Another point you should note is Backblaze and Carbonite do have one big limitation. If you delete a file on your computer, it will be deleted from your online backups after 30 days. You can’t go back and recover a deleted file or the previous version of a file after this 30 day period. So be careful when deleting those files if you might want them back.

Use Multiple Methods

It might be hard to choose from the many ways to back up your computer. Ideally, you could use all methods to back up our computer, sticking to one method can be quite risky. You’d use at least two of them because you want both offsite and onsite backups.

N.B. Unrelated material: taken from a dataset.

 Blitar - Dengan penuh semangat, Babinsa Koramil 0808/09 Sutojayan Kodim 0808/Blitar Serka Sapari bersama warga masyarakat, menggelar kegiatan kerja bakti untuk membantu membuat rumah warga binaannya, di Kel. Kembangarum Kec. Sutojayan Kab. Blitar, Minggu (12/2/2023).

Onsite means backups stored at the same physical location as you. So, if you back up to an external hard drive and store that at home with your home PC, that’s an onsite backup while offsite backups are stored at a different location. So, if you back up to an online server, like Backblaze or Dropbox, that’s an offsite backup.

Onsite backups are faster and easier, and should be your first line of defense against data loss. If you lose files, you can quickly restore them from an external drive. But you shouldn’t rely on onsite backups alone. If your home burns down or all the hardware in it is stolen by thieves, you’d lose all your files.

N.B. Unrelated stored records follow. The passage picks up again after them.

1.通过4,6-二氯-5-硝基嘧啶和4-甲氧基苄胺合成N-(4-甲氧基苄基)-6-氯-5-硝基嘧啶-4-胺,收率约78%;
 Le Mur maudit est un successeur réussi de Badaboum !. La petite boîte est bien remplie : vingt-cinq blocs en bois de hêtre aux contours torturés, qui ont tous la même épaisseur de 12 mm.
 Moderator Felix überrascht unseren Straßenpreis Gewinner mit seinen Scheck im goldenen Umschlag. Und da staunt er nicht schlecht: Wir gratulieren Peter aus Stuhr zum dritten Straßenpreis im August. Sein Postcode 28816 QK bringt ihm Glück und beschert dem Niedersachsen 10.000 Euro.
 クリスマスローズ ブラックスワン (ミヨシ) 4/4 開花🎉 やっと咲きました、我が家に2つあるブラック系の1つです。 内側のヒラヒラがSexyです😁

Offsite backups don’t have to be a server on the Internet, either, and you don’t have to pay a monthly subscription for one. You could back up your files to a hard drive and store it at your office, at a friend’s house, or in a bank vault, for example. It’d be a bit more inconvenient, but that’s technically an offsite backup.

Similarly, you could also store your files in Dropbox, Google Drive, or OneDrive and performing regular backups to an external drive. Or you could use Backblaze to back up online and Windows File History to create a local backup.